• **RAW DATA**
-- Opening Marker --

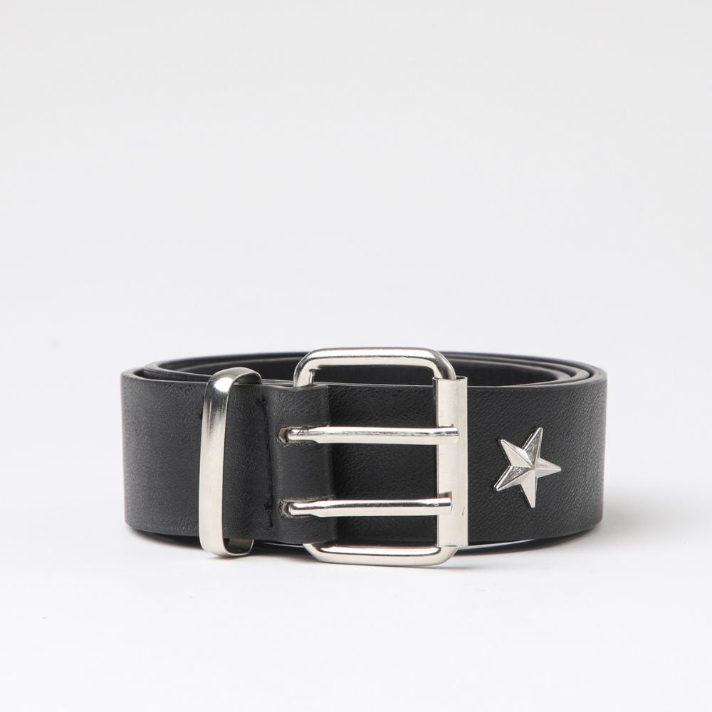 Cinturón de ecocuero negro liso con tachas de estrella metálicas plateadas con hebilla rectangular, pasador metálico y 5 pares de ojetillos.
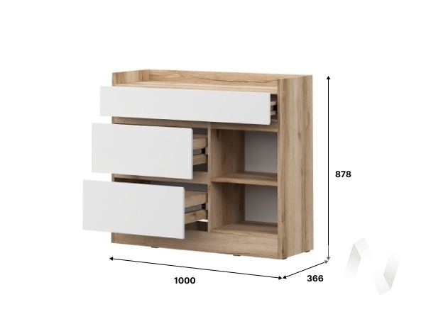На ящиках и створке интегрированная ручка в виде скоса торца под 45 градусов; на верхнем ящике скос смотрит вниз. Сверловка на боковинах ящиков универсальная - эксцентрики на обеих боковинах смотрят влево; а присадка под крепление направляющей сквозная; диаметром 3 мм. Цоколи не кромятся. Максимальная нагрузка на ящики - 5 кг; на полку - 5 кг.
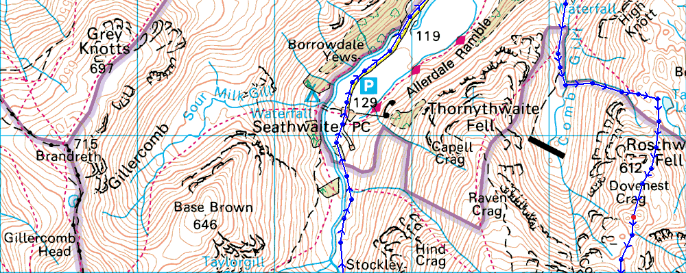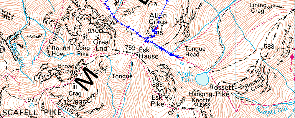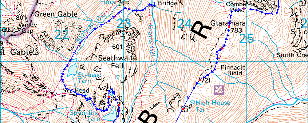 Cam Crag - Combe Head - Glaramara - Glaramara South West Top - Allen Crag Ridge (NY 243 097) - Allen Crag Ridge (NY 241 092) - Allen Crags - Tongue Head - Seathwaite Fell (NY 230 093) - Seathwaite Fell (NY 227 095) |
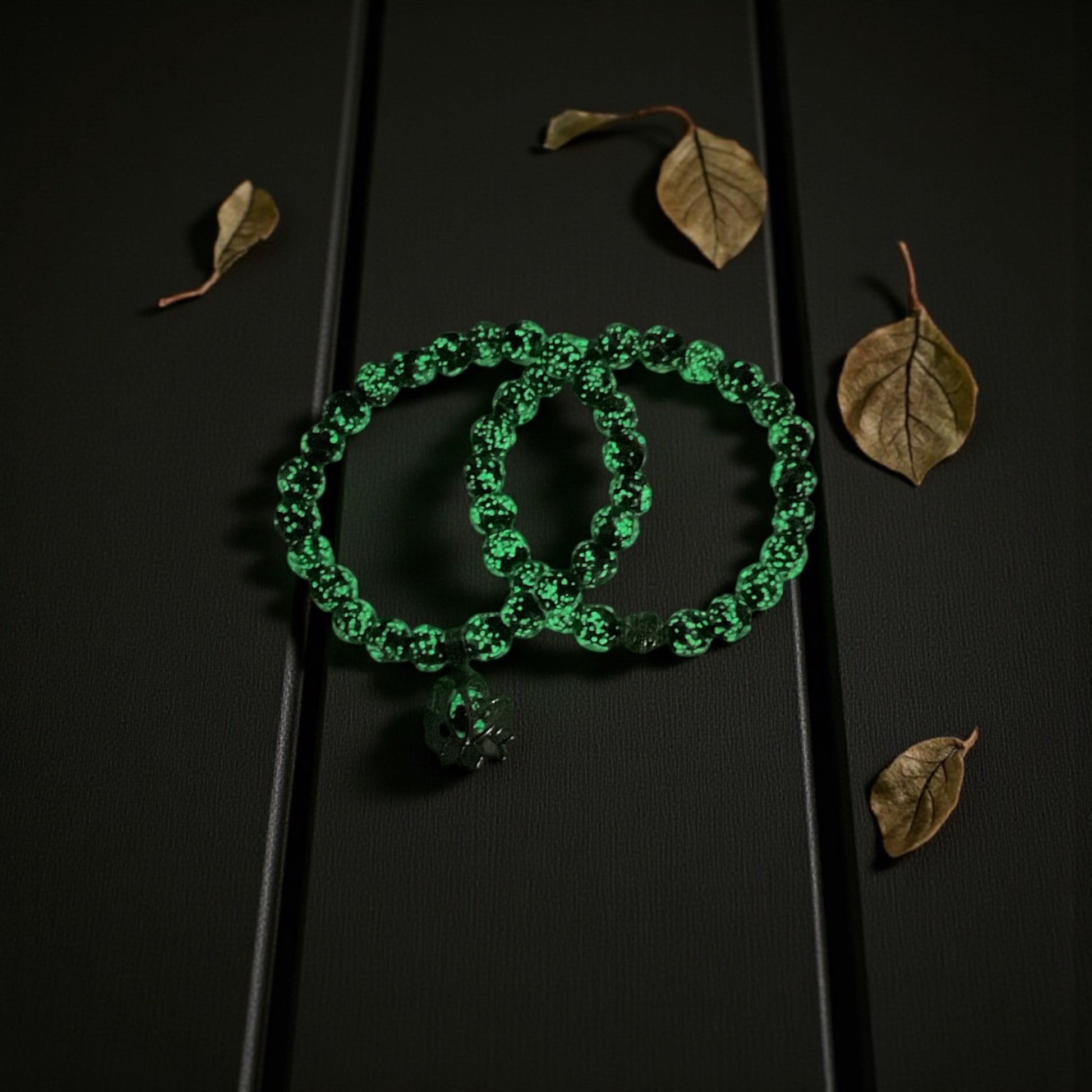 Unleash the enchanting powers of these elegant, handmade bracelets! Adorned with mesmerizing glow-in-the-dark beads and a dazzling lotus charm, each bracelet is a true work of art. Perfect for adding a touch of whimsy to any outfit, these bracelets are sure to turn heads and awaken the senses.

-- Closing Marker --

• **TASK ITEM**
Write the listing above out again exactly, but not the images it holds.

• **WRITTEN RESPONSE**
 Cinturón de ecocuero negro liso con tachas de estrella metálicas plateadas con hebilla rectangular, pasador metálico y 5 pares de ojetillos.
На ящиках и створке интегрированная ручка в виде скоса торца под 45 градусов; на верхнем ящике скос смотрит вниз. Сверловка на боковинах ящиков универсальная - эксцентрики на обеих боковинах смотрят влево; а присадка под крепление направляющей сквозная; диаметром 3 мм. Цоколи не кромятся. Максимальная нагрузка на ящики - 5 кг; на полку - 5 кг.
 Cam Crag - Combe Head - Glaramara - Glaramara South West Top - Allen Crag Ridge (NY 243 097) - Allen Crag Ridge (NY 241 092) - Allen Crags - Tongue Head - Seathwaite Fell (NY 230 093) - Seathwaite Fell (NY 227 095) |
 Unleash the enchanting powers of these elegant, handmade bracelets! Adorned with mesmerizing glow-in-the-dark beads and a dazzling lotus charm, each bracelet is a true work of art. Perfect for adding a touch of whimsy to any outfit, these bracelets are sure to turn heads and awaken the senses.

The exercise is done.